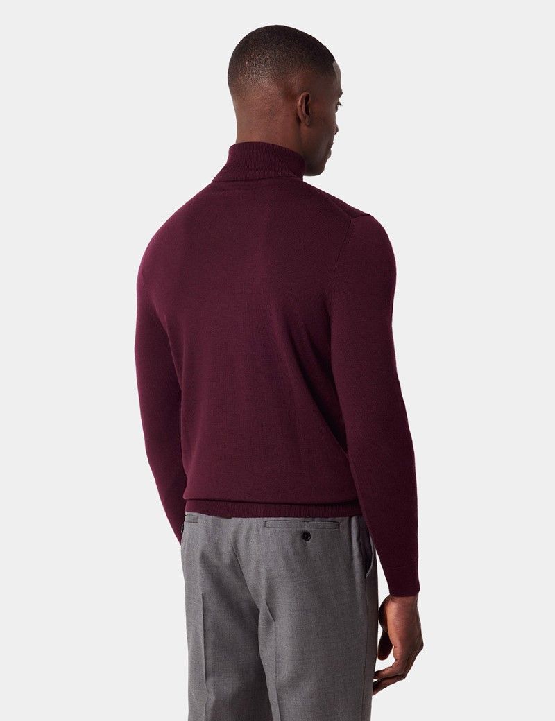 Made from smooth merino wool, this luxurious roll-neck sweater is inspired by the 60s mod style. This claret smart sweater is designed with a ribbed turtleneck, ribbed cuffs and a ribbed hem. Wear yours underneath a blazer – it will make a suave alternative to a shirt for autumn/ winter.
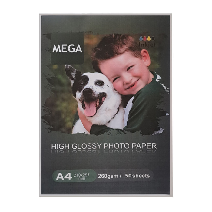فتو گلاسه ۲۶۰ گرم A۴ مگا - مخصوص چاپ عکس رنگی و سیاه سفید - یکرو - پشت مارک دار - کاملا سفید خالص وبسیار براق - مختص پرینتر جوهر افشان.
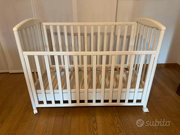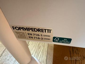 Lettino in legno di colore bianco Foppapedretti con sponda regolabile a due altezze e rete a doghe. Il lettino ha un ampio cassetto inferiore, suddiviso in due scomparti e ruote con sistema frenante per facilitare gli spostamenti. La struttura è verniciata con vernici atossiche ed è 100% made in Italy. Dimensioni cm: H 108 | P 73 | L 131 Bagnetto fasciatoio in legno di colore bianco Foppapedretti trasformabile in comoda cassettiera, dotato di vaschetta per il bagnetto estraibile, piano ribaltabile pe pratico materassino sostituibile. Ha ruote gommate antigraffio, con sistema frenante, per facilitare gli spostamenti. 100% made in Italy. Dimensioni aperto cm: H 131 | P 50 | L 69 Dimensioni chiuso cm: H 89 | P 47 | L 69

EXERCISE DIRECTIONS: Since pictures are not part of the copy, set down only the remaining data exactly.

RESPONSE BELOW:
 Made from smooth merino wool, this luxurious roll-neck sweater is inspired by the 60s mod style. This claret smart sweater is designed with a ribbed turtleneck, ribbed cuffs and a ribbed hem. Wear yours underneath a blazer – it will make a suave alternative to a shirt for autumn/ winter.
فتو گلاسه ۲۶۰ گرم A۴ مگا - مخصوص چاپ عکس رنگی و سیاه سفید - یکرو - پشت مارک دار - کاملا سفید خالص وبسیار براق - مختص پرینتر جوهر افشان.
 Lettino in legno di colore bianco Foppapedretti con sponda regolabile a due altezze e rete a doghe. Il lettino ha un ampio cassetto inferiore, suddiviso in due scomparti e ruote con sistema frenante per facilitare gli spostamenti. La struttura è verniciata con vernici atossiche ed è 100% made in Italy. Dimensioni cm: H 108 | P 73 | L 131 Bagnetto fasciatoio in legno di colore bianco Foppapedretti trasformabile in comoda cassettiera, dotato di vaschetta per il bagnetto estraibile, piano ribaltabile pe pratico materassino sostituibile. Ha ruote gommate antigraffio, con sistema frenante, per facilitare gli spostamenti. 100% made in Italy. Dimensioni aperto cm: H 131 | P 50 | L 69 Dimensioni chiuso cm: H 89 | P 47 | L 69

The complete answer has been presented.